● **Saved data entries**
BEGIN
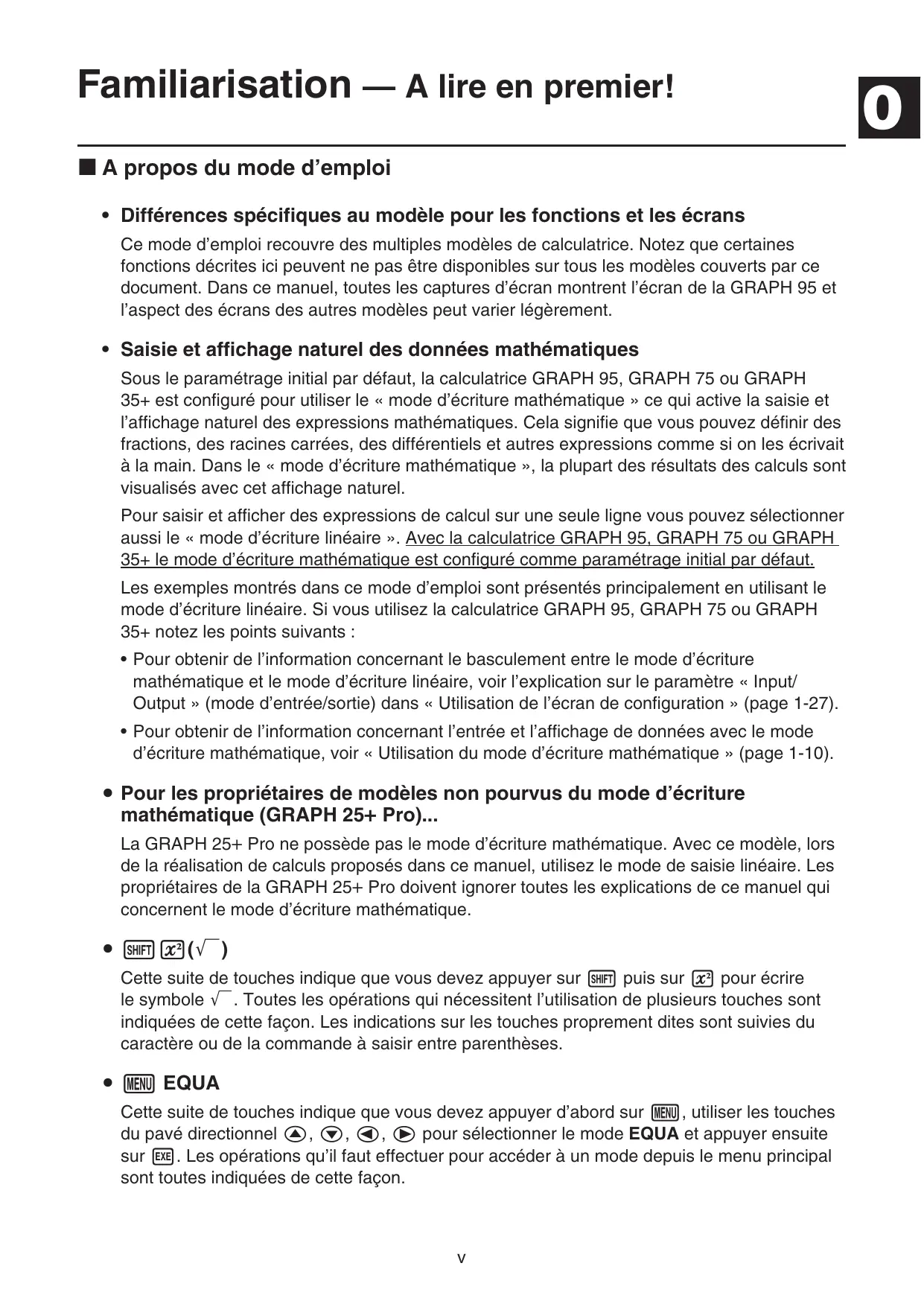 - Pour obtenir de l’information concernant l’entrée et l’affichage de données avec le mode d’écriture mathématique, voir « Utilisation du mode d’écriture mathématique » (page 1-10). S Pour les propriétaires de modèles non pourvus du mode d’écriture mathématique (GRAPH 25+ Pro)... La GRAPH 25+ Pro ne possède pas le mode d’écriture mathématique. Avec ce modèle, lors de la réalisation de calculs proposés dans ce manuel, utilisez le mode de saisie linéaire. Les propriétaires de la GRAPH 25+ Pro doivent ignorer toutes les explications de ce manuel qui concernent le mode d’écriture mathématique.
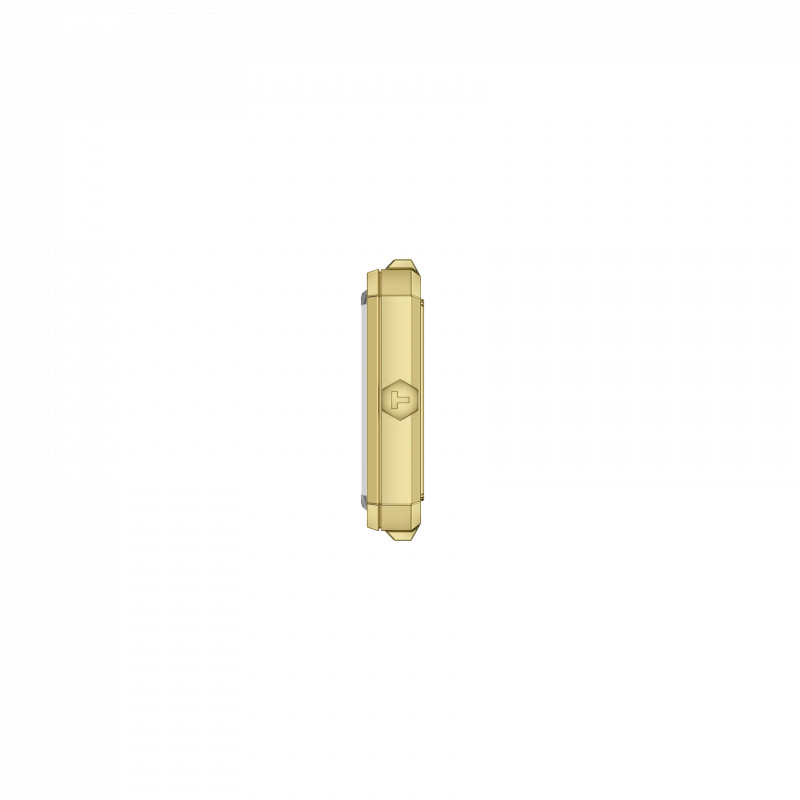 La cassa rettangolare in acciaio 316L con trattamento PVD oro giallo, dalle dimensioni di 30 mm x 21,8 mm e con uno spessore sottile di 7,25 mm, dona al polso un’eleganza discreta e senza tempo. Il nome SRV (Sapphire Rectangle V) richiama il suo elemento distintivo: il vetro zaffiro sfaccettato antigraffio, che esalta la luce e valorizza la silhouette geometrica del modello.
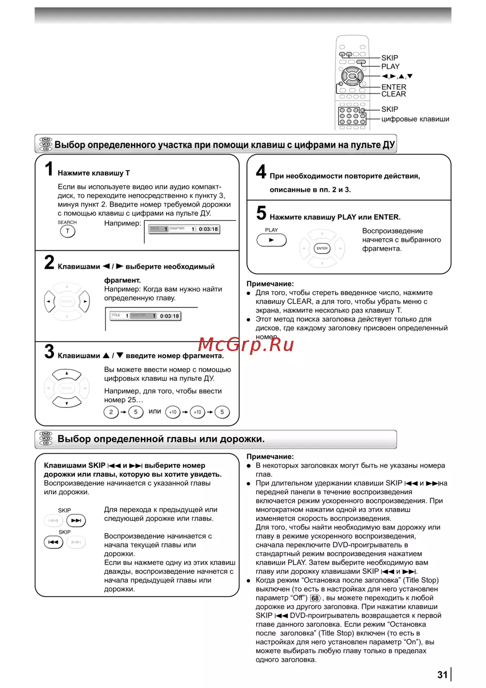 Toshiba SD-2950 S/TA — как выбрать дорожку или главу на DVD-проигрывателе [31/74]
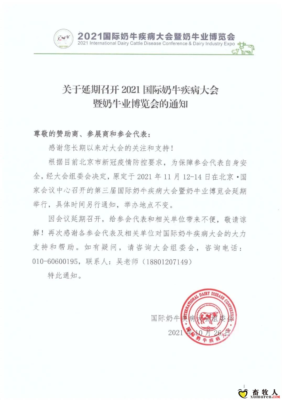 正文摘要:2021國際奶牛疾病大會暨奶牛業(yè)博覽會 延期舉行 北京·國家會議中心 關(guān)于延期召開2021國際奶牛疾病大會暨奶牛業(yè)博覽會的通知 尊敬的贊助商、參展商和參會代表∶ 感謝您長期以來對大會的關(guān)注和支持!根據(jù)目前北京 ... |
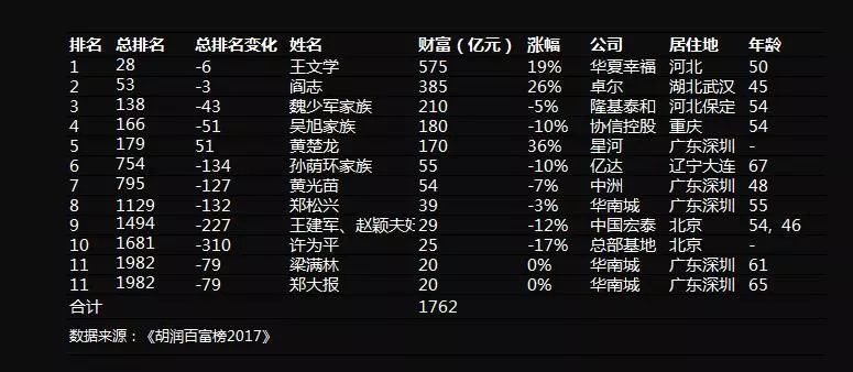 在今年的胡润排行榜上,王文学的身价是575亿,较去年的483亿涨19%,总排名下滑6位。
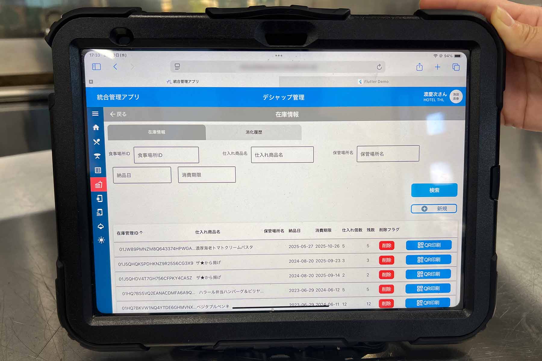 THLのレストラン(T-Cafe)では、食材を管理するシステムを開発し運用中です。キッチンスタッフが調理のオペレーションに入る前に、食材に貼られたQRコードを読み取ることで、自動的に在庫が減算される仕組みです。
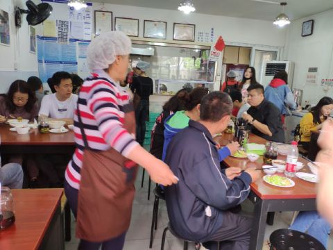 慕名而来,出了故宫坐了个电动摩的去的,20没商量。快六点的时候才走到胡同口,排队的人已经转弯,好在只有面,速度很快。面条很爽滑,主要炸酱很香,比海碗居的酱甜一些,很适合我们的口味,里面的腊八蒜绿绿的,看起来就很香,只是吃完有异味,自备口香糖哦!还有免费的面汤喝,原汤化原食嘛!吃着舒服。饭馆饭后结账,我已推荐给朋友们!
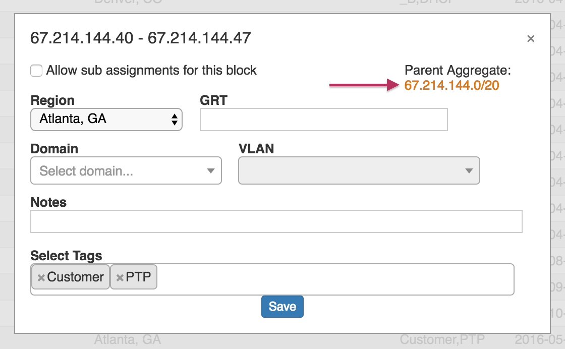 CFR / IM-2398: A link to the parent aggregate has been added to the IPAM Gadget -> Edit block module. This link takes the user directly to IPAM Manage for the aggregate.
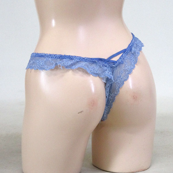 ポリエステル・ナイロン他、Tバック、局部シミあり、ブルー他、人妻
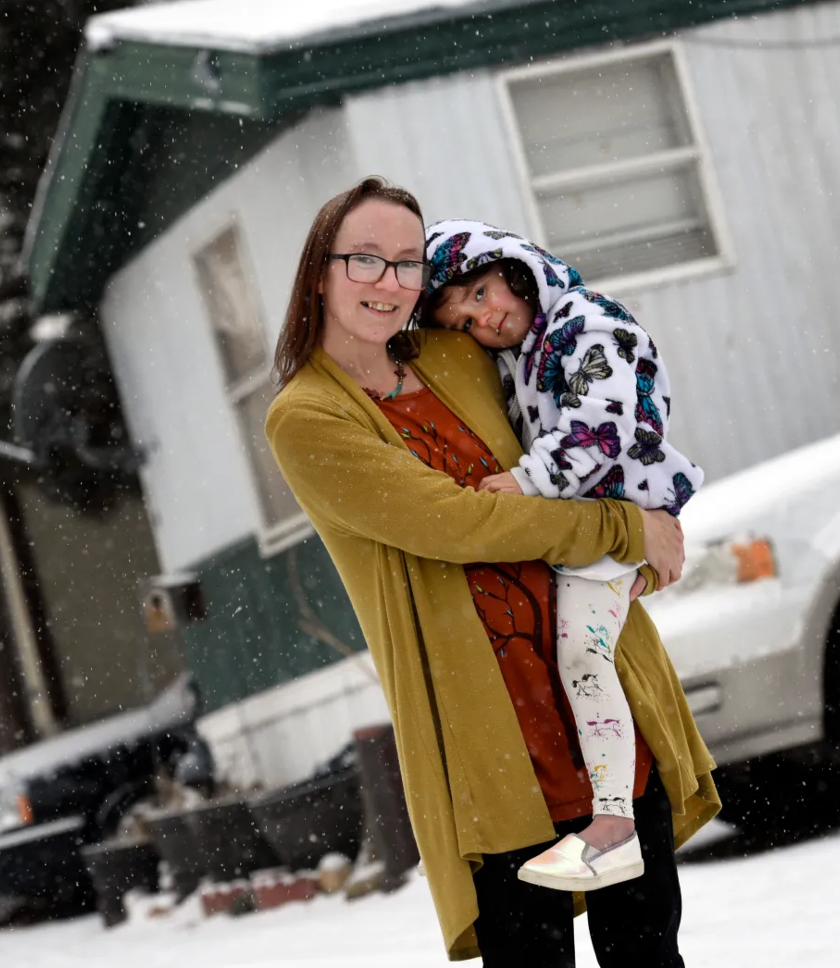 Heather Malone holds her daughter Caoimhe, 4, outside their home in the Golden Hills Park for Mobile Homes in Golden on March 9, 2022. Heather and her family have lived at Golden Hills for almost a decade. Colorado lawmakers recently introduced a bill that would add greater protections to mobile home residents throughout the state. The biggest piece of …
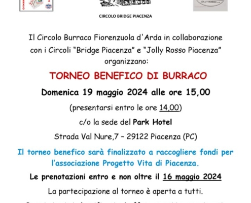 Carrisimi, vi presentiamo questa simpatica iniziativa dedicata agli amanti del gioco del Burraco. Si tratta di un torneo a coppie che si svolgerà Domenica 19 Maggio a partire dalle ore 15:00 presso Park Hotel di Piacenza.
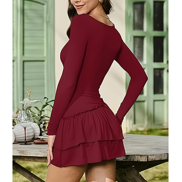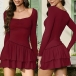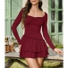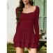 Fashion Square Neck Long Sleeve Ruffle Hemline Mini Dress
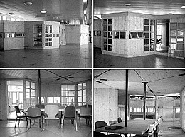 An der einen Seite schließen ein Sanitärraum und die Küche an; an der anderen sind drei sechseckige Kojen angelagert, die jeweils auf zwei Stockbetten vier Schlafplätze enthalten, sodaß der ganze Pavillon für zwölf Jugendliche ausgelegt ist.
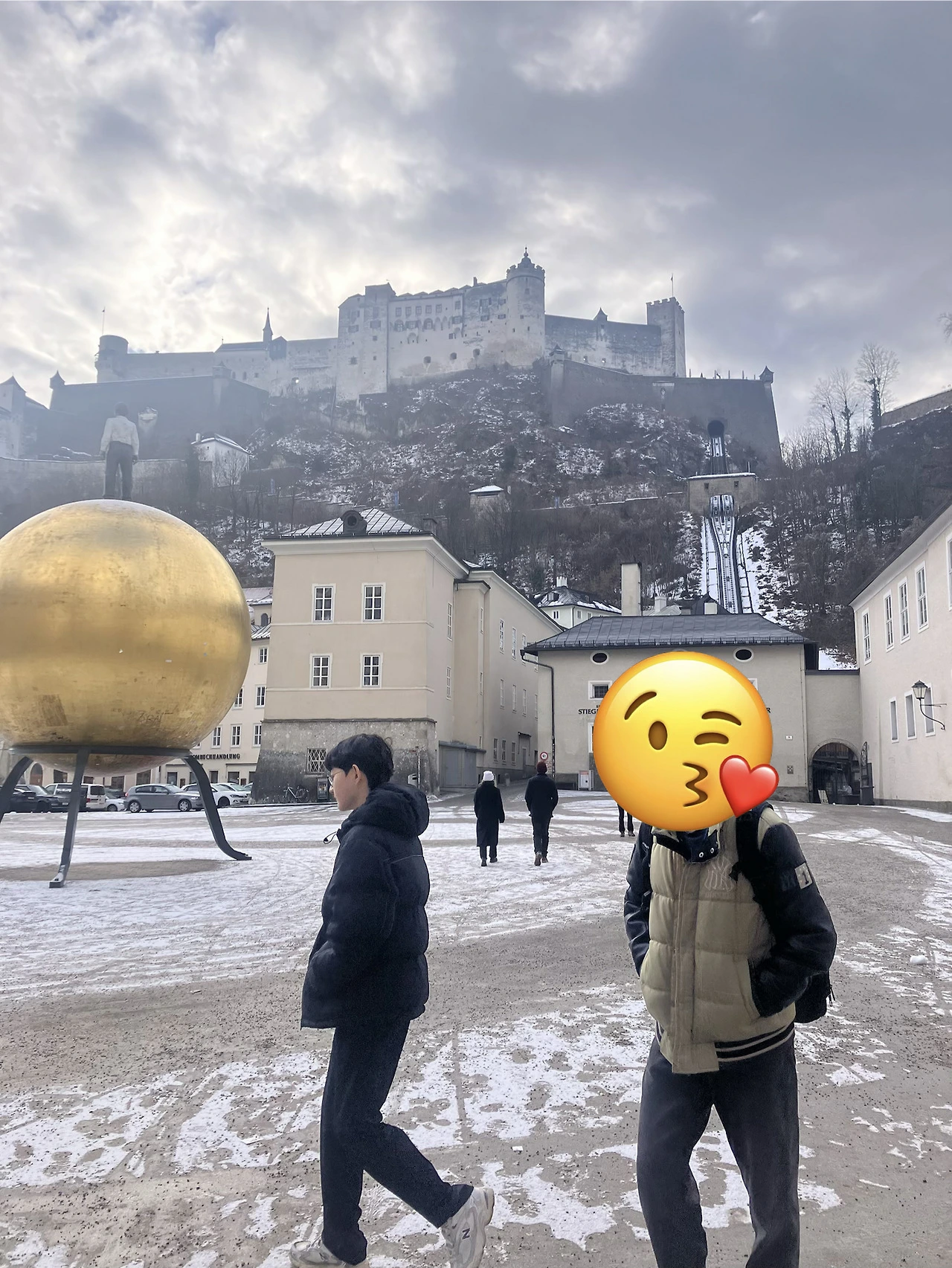 그러나 나의 기대는 얼마지 않아 헛된 바람이 되고야 말았다. 가는 날이 장날이라고, 케이블카가 임시 운행 정지 중이었던 것이다. (잘츠부르크는 겨울을 피해 가야 할 도시인 걸까. 뒤이어 방문한 미라벨 정원 후문도 폐쇄되어 있었으니..) 케이블카 선로가 바로 눈앞으로 보이거늘, 손에 잡힐 듯한데도 마음을 접고 돌아서야 하는 상황이 억울하게 느껴졌다. 성까지 오르겠노라 마음먹은 터라 그냥 되돌아갈 수는 없는 노릇이었다. 나와 짝꿍은 걸어서 올라가자고 뜻을 모았다. 그 순간 아이들의 동공은 지진이 난 듯 흔들렸지만, 그간에 다진 '꼬드김 잔꾀'를 최대한으로 발휘해 결국 온 가족이 도보로 성에 오르게 되었다.
END
● **What this task involves**
All lines from the one holding "THLのレストラン(T-Ca" through the last line of the records need to be copied exactly, both ends included, and the pictures left behind.

● **Answer to this problem**
 THLのレストラン(T-Cafe)では、食材を管理するシステムを開発し運用中です。キッチンスタッフが調理のオペレーションに入る前に、食材に貼られたQRコードを読み取ることで、自動的に在庫が減算される仕組みです。
 慕名而来,出了故宫坐了个电动摩的去的,20没商量。快六点的时候才走到胡同口,排队的人已经转弯,好在只有面,速度很快。面条很爽滑,主要炸酱很香,比海碗居的酱甜一些,很适合我们的口味,里面的腊八蒜绿绿的,看起来就很香,只是吃完有异味,自备口香糖哦!还有免费的面汤喝,原汤化原食嘛!吃着舒服。饭馆饭后结账,我已推荐给朋友们!
 CFR / IM-2398: A link to the parent aggregate has been added to the IPAM Gadget -> Edit block module. This link takes the user directly to IPAM Manage for the aggregate.
 ポリエステル・ナイロン他、Tバック、局部シミあり、ブルー他、人妻
 Heather Malone holds her daughter Caoimhe, 4, outside their home in the Golden Hills Park for Mobile Homes in Golden on March 9, 2022. Heather and her family have lived at Golden Hills for almost a decade. Colorado lawmakers recently introduced a bill that would add greater protections to mobile home residents throughout the state. The biggest piece of …
 Carrisimi, vi presentiamo questa simpatica iniziativa dedicata agli amanti del gioco del Burraco. Si tratta di un torneo a coppie che si svolgerà Domenica 19 Maggio a partire dalle ore 15:00 presso Park Hotel di Piacenza.
 Fashion Square Neck Long Sleeve Ruffle Hemline Mini Dress
 An der einen Seite schließen ein Sanitärraum und die Küche an; an der anderen sind drei sechseckige Kojen angelagert, die jeweils auf zwei Stockbetten vier Schlafplätze enthalten, sodaß der ganze Pavillon für zwölf Jugendliche ausgelegt ist.
 그러나 나의 기대는 얼마지 않아 헛된 바람이 되고야 말았다. 가는 날이 장날이라고, 케이블카가 임시 운행 정지 중이었던 것이다. (잘츠부르크는 겨울을 피해 가야 할 도시인 걸까. 뒤이어 방문한 미라벨 정원 후문도 폐쇄되어 있었으니..) 케이블카 선로가 바로 눈앞으로 보이거늘, 손에 잡힐 듯한데도 마음을 접고 돌아서야 하는 상황이 억울하게 느껴졌다. 성까지 오르겠노라 마음먹은 터라 그냥 되돌아갈 수는 없는 노릇이었다. 나와 짝꿍은 걸어서 올라가자고 뜻을 모았다. 그 순간 아이들의 동공은 지진이 난 듯 흔들렸지만, 그간에 다진 '꼬드김 잔꾀'를 최대한으로 발휘해 결국 온 가족이 도보로 성에 오르게 되었다.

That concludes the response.